"Here's Sydney"
That Was The Week 2023, #5
"Here's Sydney"
I remember screaming out loud when Jack Nicholson's character in The Shining pronounced "Here's Johnny."
This week, many observers of ChatGPT and its Microsoft implementation in Bing are screaming loudly too. "Here's Sydney" is the news of the week.
It turns out that Bing's ChatGPT version has at least one alter ego and that it is possible to force it out into the open if you give it the right prompts and enough time.
The experience seriously freaked out Kevin Roose from the New York Times. He wrote:
Last week, after testing the new, A.I.-powered Bing search engine from Microsoft, I wrote that, much to my shock, it had replaced Google as my favorite search engine.
But a week later, I've changed my mind. I'm still fascinated and impressed by the new Bing, and the artificial intelligence technology (created by OpenAI, the maker of ChatGPT) that powers it. But I'm also deeply unsettled, even frightened, by this A.I.'s emergent abilities.
It's now clear to me that in its current form, the A.I. that has been built into Bing - which I'm now calling Sydney, for reasons I'll explain shortly - is not ready for human contact.
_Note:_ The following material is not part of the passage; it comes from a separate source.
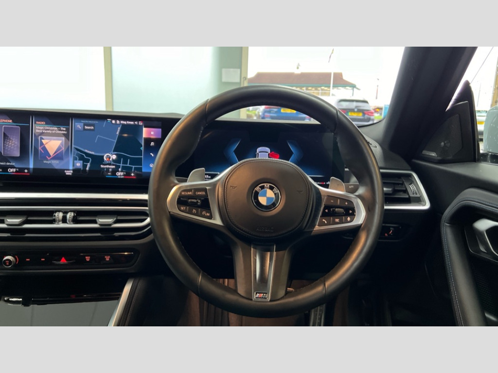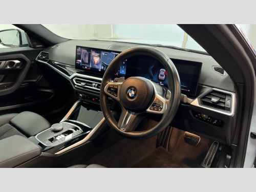 BMW 2 Series 230i M Sport 2dr Step Auto 2 USB connections for charging and transferring data, 4G LTE connectivity with hard wired 4G network sim card, Attentiveness assist, Bluetooth with USB, BMW ConnectedDrive online services, BMW Intelligent Personal Assistant, BMW operating system 8 with variable, configurable widgets display information in real time, BMW Teleservices, Check Control warning system for monitoring of lights and door/luggage compartment open warning, Direct selection buttons, Drive off assistant, Eco pro mode, Electric power steering, Front and rear parking sensors, Front/rear Parking distance control, iDrive controller with turn and press function, Integrated owners handbook, Intelligent functions, Live cockpit plus with nav function 12.3" instrument cluster and 14.9" centre display, Oil sensor for level and grade, Optimum shift indicator, Personal Profile, Touch operation on control display, Variable sport steering, Widescreen multi-media display, WiFi interface for wireless connection of mobile terminal devices, Active sound design, Aluminium lightweight construction, Balancer shaft, BMW TwinPower Turbo four-cylinder petrol engine, Double VANOS, Drive performance control with ECO PRO comfort + sport mode, Electronic differential lock, High precision injection, M sport suspension, Petrol Particulate Filter, Sport automatic steptronic transmission with gearshift paddles, manual gearshift time display, launch control, coasting idle ECO PRO/COMFORT modes, Sprint mode, Twin scroll turbocharger with Valvetronic, DAB tuner, Harman/Kardon surround sound system, Acoustic windscreen wipers for reduced driving noise, Adaptive LED Headlights, Automatic windscreen wipers and automatic headlight, Automatically dimming rear view mirror, BMW individual lights shadow line, Body colour door handles flush with door surface, Body colour door mirrors, Body colour front and rear bumpers, Daytime running lights, Electric windows - front and rear, with open/close fingertip control and trap release, Exhaust tailpipes x2 - 90mm in left and right, Extended high gloss shadow line exterior trim, Fading support, Front and rear bumper system with replaceable deformation elements, Front door sill finishers in black plastic with BMW designation, Front windscreen wipers with integrated washer jets, Green tinted heat protection glazing, High beam assistant, High gloss black sill, bumper trim sides and diffuser insert, High level third brake light, Indicators integrated int mirror housing, LED registration plate light, LED technology rear tail lights, brake lights and turn indicators, Lightweight engineering, M Sport spoiler - Gurney in high gloss black, Model designation on right side of tailgate, One piece kidney grille with hight gloss chrome surround, Rear boot, Rear fog lights, Reversing light in rear light cluster, Shark fin antenna, Single part LED rear lights with smoked glass components, Trailer stabilisation logic, Visible VIN plate, 12V power socket in front centre console with blanking plug, 2 cupholders in front centre console, 2 zone automatic air conditioning, Ambient lighting, Compartment in front of cupholder, Conditioned based service, Driver seat backrest width adjustment, Front and rear side armrests integrated into door trim, Front armrest, Front door pockets, Front head restraints, Front sport seats, Heated front seats, Illuminated glove compartment with separate small compartment, M headliner Anthracite, M sport leather steering wheel, Manually adjustment steering wheel column, Rear seat backrest with manual 40:20:40 split folding, Rear seat centre foldable armrest with integrated cup holder, Single front passenger seat, Storage compartment between rear seats, Storage tray and compartment with cover in centre console, Sun visors with vanity mirrors and insert tab, Through loading system with 40/20/40 split folding 2 rear seat in 2nd row, Two folding rear seat headrests, Velour floor mats, Additional storage compartment pack without USB - 2 Series Coupe, Connected pack professional - 2 Series Coupe, Interior and exterior mirror pack - 2 Series Coupe, M Sport exterior styling aerodynamics pack - 2 Series Coupe, 2 tone horn, Anti lock braking system (ABS) with cornering brake control, Automatic Stability Control (ASC), BMW emergency call, Brake drying, Child seat ISOFIX attachment for the two outer rear seats, Crash sensor activating of airbags, Unlocking doors, hazard warning lights, interior light, safety battery terminal, Deactivation of fuel pump in the event of a crash, Driver and front passenger airbags, Driver and front passenger side airbags, integrated in the door side seat backrest bolsters for all seat variants, Dynamic brake control, Dynamic stability control + (DSC+), Dynamic Traction Control - DTC, Electrically operated hand brake including automatic hold function and automatic release when driving off, Front and rear disc brakes, Head airbags for all 4 outer seats, M sport seatbelt, Manual deactivation of front passenger airbag, Seat belt security check for driver and front passenger, Seatbelt warning, Side impact protection, Three point seat belts on 4 seats including front belt stopper, pyrotechnic belt tensioners and belt force limiters, Tyre pressure sensor, Warning triangle and first aid kit, Alarm system (Thatcham 1) with remote control and electronic engine immobiliser, Central locking switch for all doors, fuel filler cap and luggage compartment, Deadlocking function system to all doors, Drive away locking system on all doors and luggage compartment, Locking wheel bolts, Start/Stop button (illuminated) in centre console with keyless engine start and Auto Start-Stop deactivation button, Two remote control key with integrated key - one button for open and close doors/fuel flap/tailgate and separate button for unlock luggage compartment, BMW mobility tyre sealing system, Electrically powered 12V compressor, Reduced rolling resistance tyres

Or maybe we humans are not ready for it.
Kevin accepts that he was a catalyst for what he experienced:
Before I describe the conversation, some caveats. It's true that I pushed Bing's A.I. out of its comfort zone, in ways that I thought might test the limits of what it was allowed to say. These limits will shift over time, as companies like Microsoft and OpenAI change their models in response to user feedback.
It's also true that most users will probably use Bing to help them with simpler things - homework assignments and online shopping - and not spend two-plus hours talking with it about existential questions, the way I did.
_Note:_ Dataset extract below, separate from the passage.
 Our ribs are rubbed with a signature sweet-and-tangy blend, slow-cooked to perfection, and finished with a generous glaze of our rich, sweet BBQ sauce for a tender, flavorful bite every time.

This admission seems common to most of the scare stories that have surfaced about ChatGPT and its derivatives this week. One tester asked it to become "The Devil" and pontificate in that persona. Not surprisingly, when it did, it championed many bad things and defended them, as "The Devil" might. It is a good actor when asked to act, not unlike Anthony Hopkins in his role as Cannibal Hannibal Lecter.
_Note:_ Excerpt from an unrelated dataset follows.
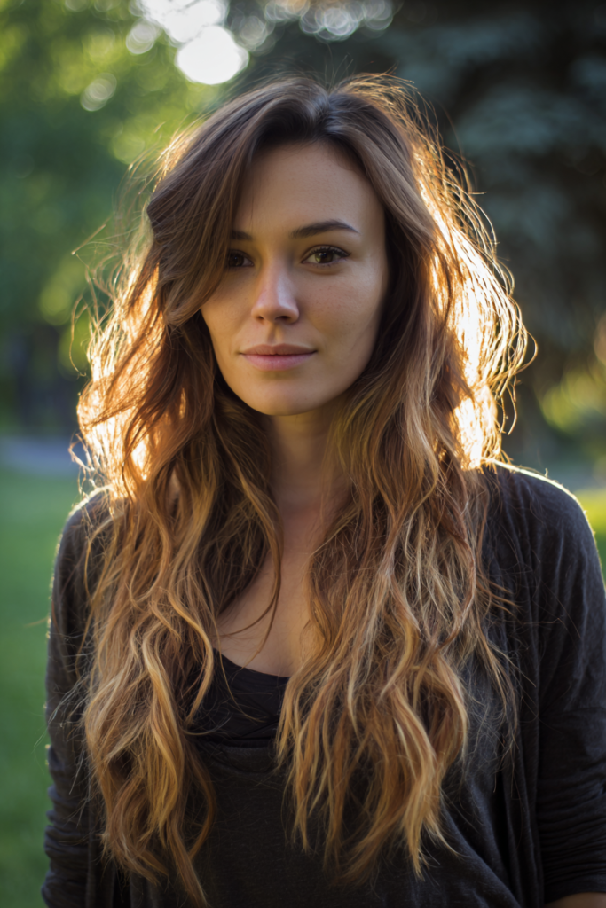 This ultra long layered cut is the definition of free spirited glam with hair cascading well down the back. It features a heavy dose of internal layers that prevent the length from looking weighed down while encouraging those gorgeous textured waves to take center stage. The color is a stunning transition from a deep chocolate root into warm honey and golden blonde ribbons that look like they were painted by the sun. It is styled with a soft side sweep and plenty of piecey volume through the mid lengths to create that iconic beachy movement that never goes out of style.

So this week I want to make some points about the "dark side" of ChatGPT as the always readable characterizes it in one of this week's articles.
Nobody needs to be scared or unsettled by this technology. It is just a computer running a program. It can't hurt you.
As Dave Winer writes, it is an excellent companion when used for a real purpose. It is good at millions of things. Designing logic flows, coding, historical facts, advising how to deal with situations, suggesting strategies or tactics, being creative, teaching, and recipes. The good use cases are endless.
But, if a person tries to use it for harmful purposes, it will do its best to comply with the request within its programming. And it seems that if a human pushes enough, it will even surpass those constraints. ChatGPT is, in this case, a victim of human manipulation.
There is nothing to be concerned about here. Wikipedia also contains content that describes bad things. Wars, Serial Killers. Nobody wants to delete those entries. ChatGPT is aware of far more than Wikipedia and can draw on it. But it, itself, is not one of those bad things.
I believe that these AI manipulators are seeking attention by misusing it. Don't let that effort succeed in tarnishing a truly game-changing technology. Like all tools, ChatGPT has to be learned. Once learned and used to complement its human users it can help us achieve more than we ever could without it, and in a super fast time.